Elected head of KM3NeT, the international project for the construction of a new generation submarine telescope dedicated
to the study of neutrinos, Mauro Taiuti will coordinate the collaboration of scientists, as well as from INFN, from nearly 40 institutions from 11 countries: Cyprus, France, Germany, Greece, Italy, Morocco, the Netherlands, Poland, Romania, Russia and Spain. Born in Genoa in 1957, Taiuti joined INFN as a researcher in 1984 and since 1999 he has been a professor at the University of Genoa. At the JeffersonLab, in the United States, he studied the effects of nuclear matter on baryon resonances with the AIACE experiment, for which he was national coordinator. Since 2001 he has been participating in the implementation of the telescope for the study of very high energy neutrinos, first in the ANTARES and NEMO experiments and subsequently in KM3NeT, he has been chairman of the Institute Board of the collaboration for four years. Since September 2011, he has been chairman of the INFN National Commission 3, which coordinates the institute's nuclear physics research.

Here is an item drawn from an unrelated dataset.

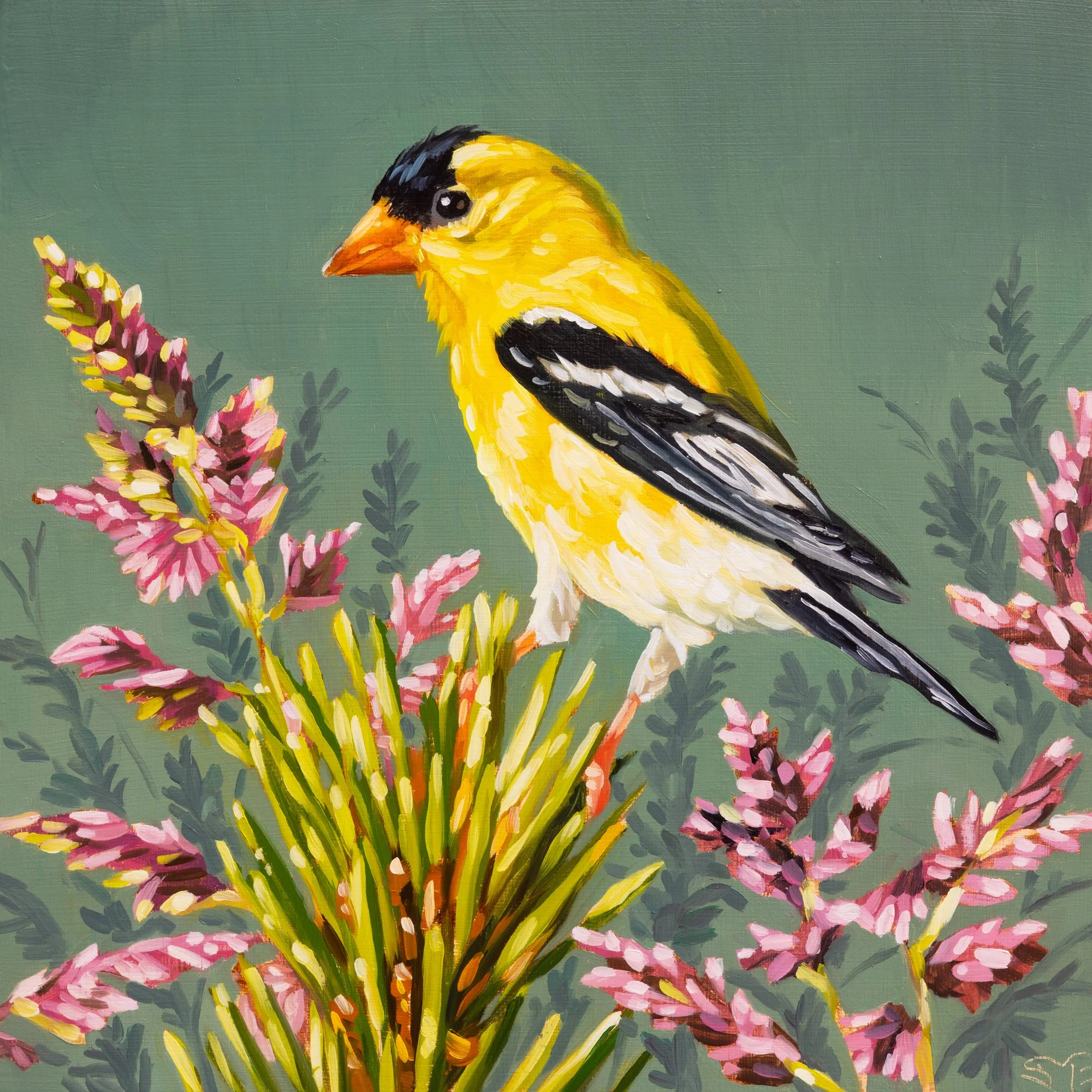 Left: Goldfinch, Canarygrass. Oil on cradled wooden panel, 10” x 10”
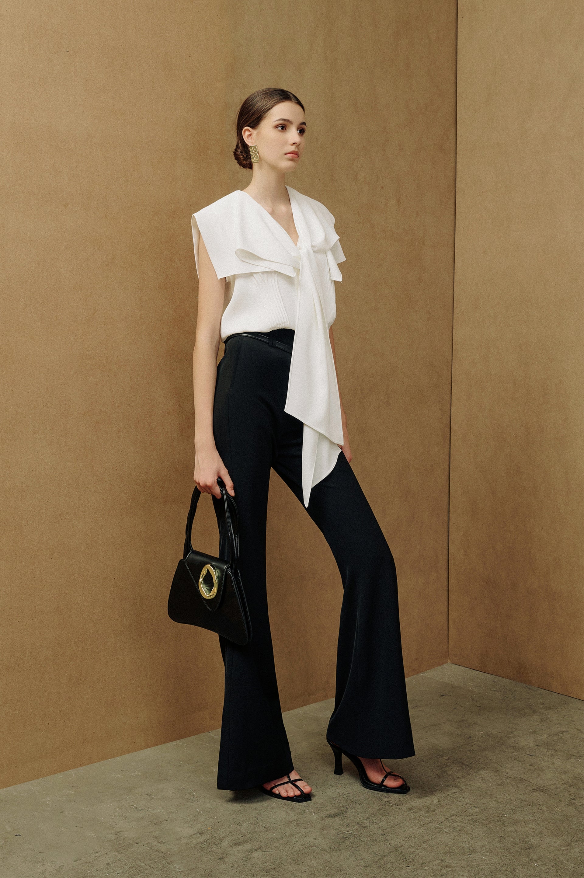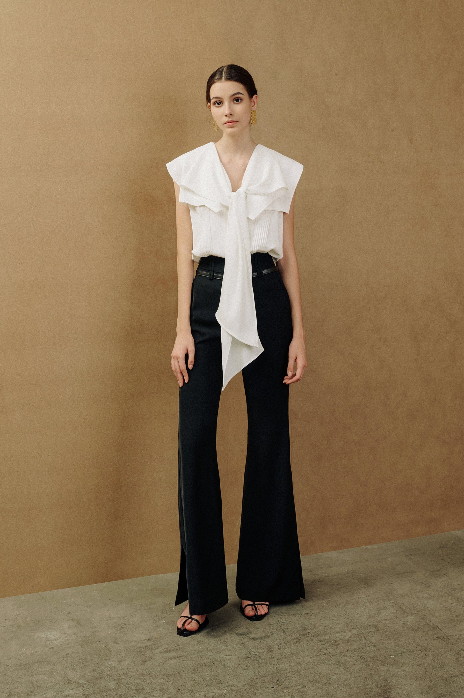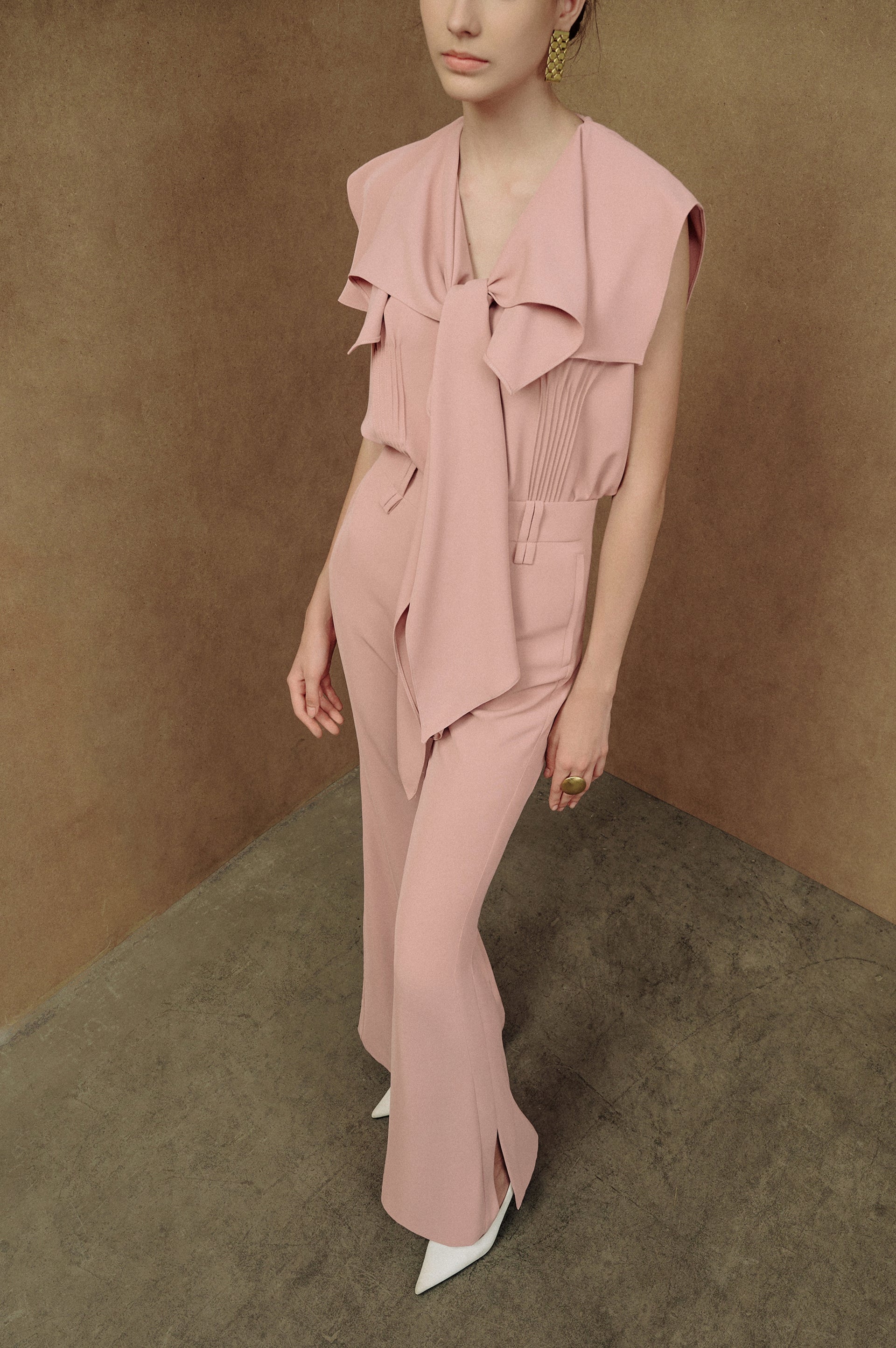 Elevate your style with our sleeveless V-neck shirt featuring a sailor-style collar and a long tie for a touch of elegance. Small seams on both sides of the waist add subtle detailing to complete the look

Situated in the Mediterranean Sea, 3500 metres deep off the coast of Capo Passero, Sicily, where it will occupy, in its final configuration, a volume of several cubic kilometres of sea, the KM3NeT will exploit seawater as a detector to study neutrinos coming from distant astrophysical sources, such as supernovae or gamma-ray bursts. A recent research expansion project plans to extend the study to
the oscillations of atmospheric neutrinos, providing the infrastructure with a new detector. KM3NeT will also accommodate instrumentation for environmental studies and monitoring, making it a true multidisciplinary laboratory in the depths of the seas.